2.7. Areas of uncertainty
2.7.1. Cardiovascular risk and testosterone treatment
Summary recommendation
The quality of evidence regarding the cardiovascular safety of TRT in LOH has been low. However, the most recent data have shown that testosterone treatment in older men with hypogonadism and at increased cardiovascular risk is safe, at least in terms of major adverse cardiac events. Nevertheless, a thorough evaluation of the patient's CV risk prior to TRT is mandatory, as is strict compliance with prescription guidelines regarding dose and treatment monitoring. CV risk must be re-evaluated during TRT, and patients should be informed about the lack of definitive studies on TRT's long-term effects (>3 years). TRT must not be offered as a cardio prevention therapy to frail older men until better outcome data are available.
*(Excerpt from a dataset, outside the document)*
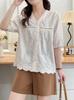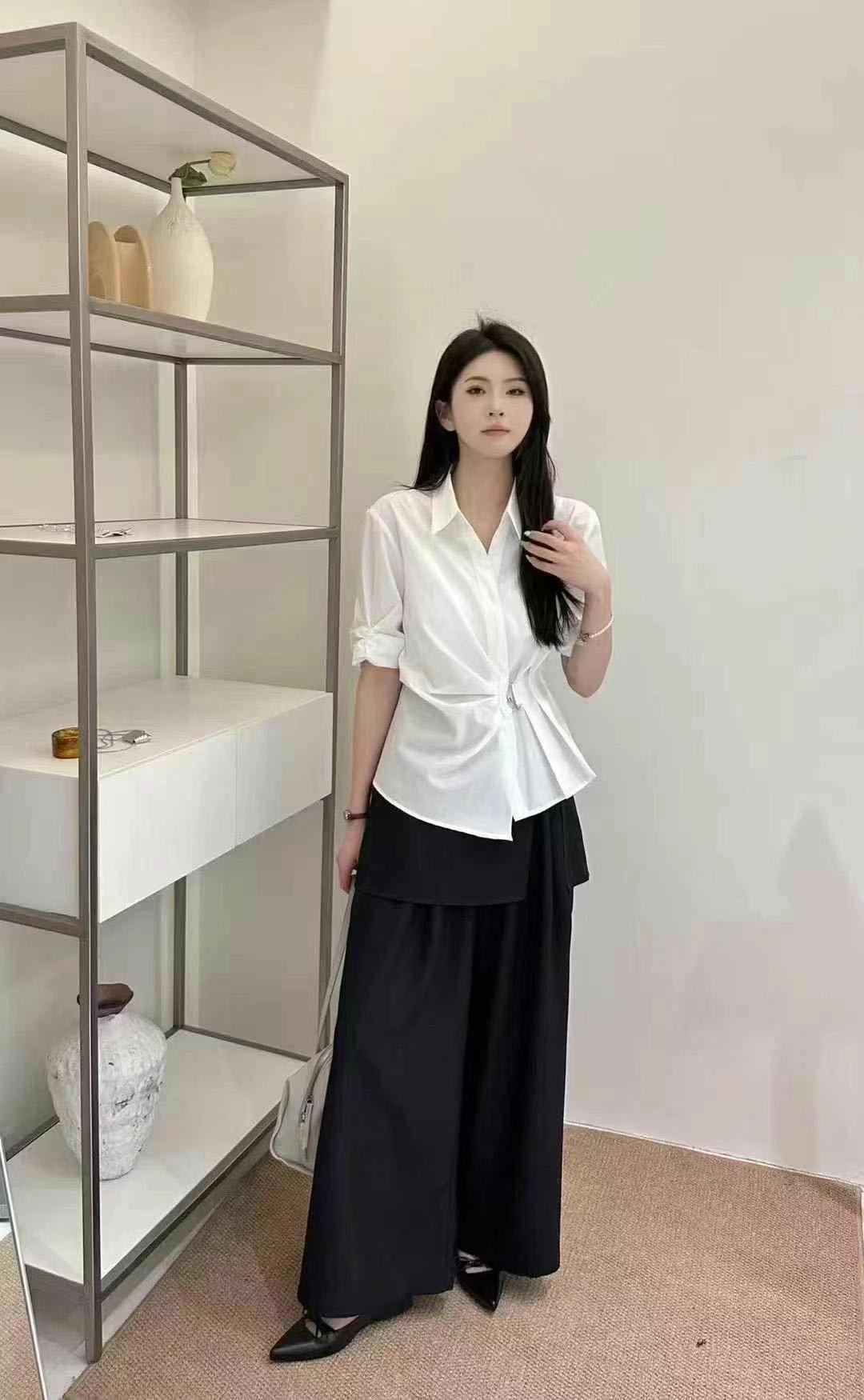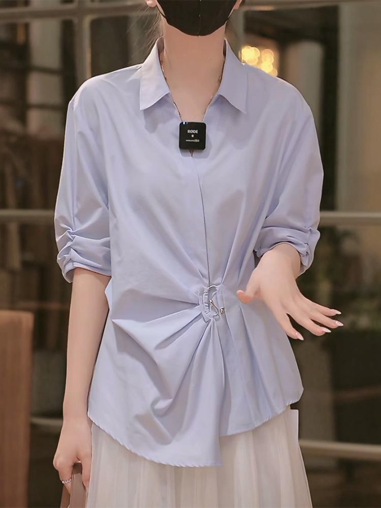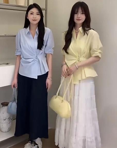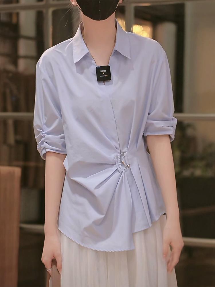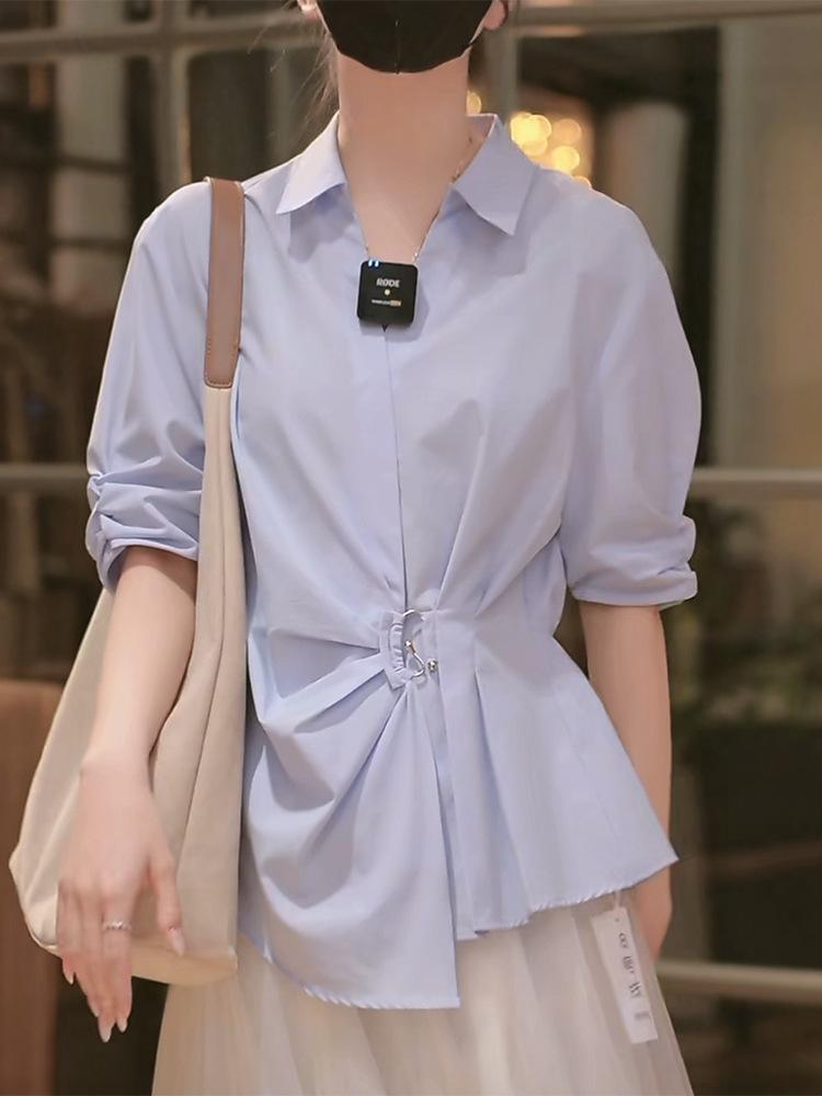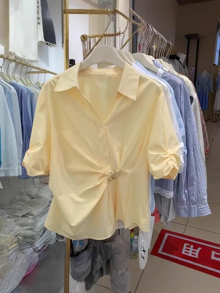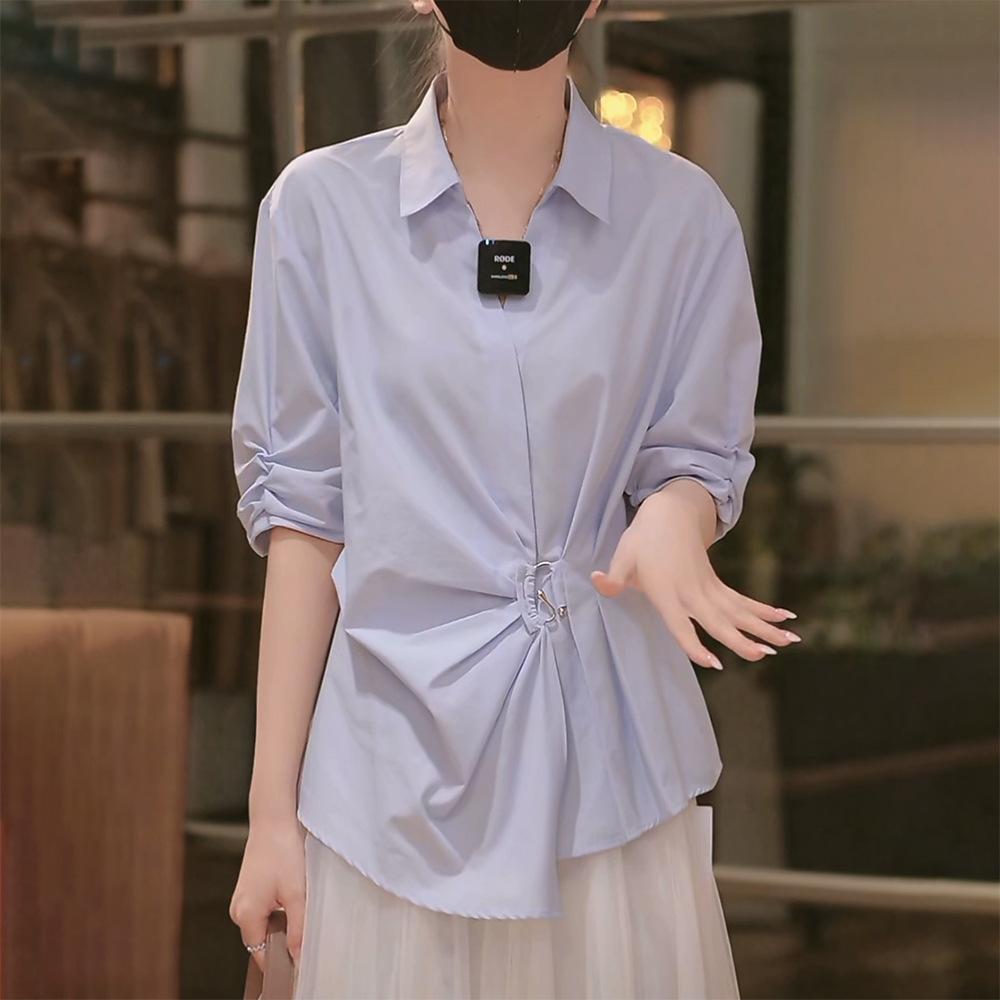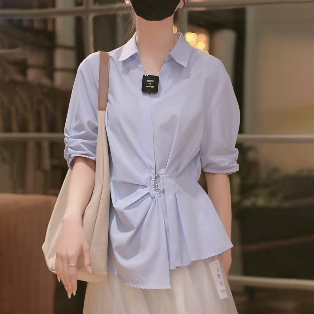 Camisa de Manga Corta Irregular con Sentido del Diseño para Mujer Verano 2025 Nuevo Estilo Moda Versátil Reductora de Edad Casual Adelgazante

2.8. Prostate health and testosterone treatment
Summary recommendation
TRT may be considered in hypogonadal men with a history of previous low-risk, localized CaP (Gleason score <7, pT1–2, preoperative PSA <10 ng/mL) who have constantly undetectable PSA concentrations after a radical prostatectomy; however, close monitoring is mandatory.TRT should not be avoided in men with hypogonadism and benign prostate hyperplasia/LUTS; however, caution should be paid to those with severe LUTS (IPSS >19).
2.9. How to treat
Summary recommendation
There is no clear maximum duration for TRT. Short-acting transdermal preparations should be the preferred method of administration for older men, due to the avoidance of liver metabolism, a lower complication rate, in particular regarding polycythemia, and the possibility of prompt withdrawal if required. Injectable forms of T may be considered if transdermal TRT has proven beneficial and safe in a given patient. In cases suggestive of functional hypogonadism, withdrawal or substitution of detrimental factors should be advised when possible, and in overweight or obese patients, weight loss by any means combined with exercise should be the first-line recommendation, possibly supported with TRT to augment the effects and reinforce the patient's commitment to lifestyle modifications.
2.10. Monitoring schedule
Summary recommendation
Older men on TRT should be monitored at 3, 6, and 12 months after initiation and yearly after that. Evaluation should include the assessment of clinical response, and measurement of tT concentrations, hematocrit, and PSA. BMD should be assessed using DXA and follow-up may be at one year or up to 5 years according to the patient's fracture risk. The monitoring schedule is summarised in Fig. 3.
3. Conclusions
The identification of clear, evidence-based indications for treating LOH remains an unmet need. An individualized, tailored approach is strongly recommended when considering hormone replacement therapy. TRT has shown the potential to reduce age-related comorbidities and improve quality of life. However, there are multiple areas of uncertainty and a need for large-scale, prospective, adequately powered RCTs specifically designed to examine the efficacy of TRT and its safety particularly in relation to metabolic and bone health, and prostate disease.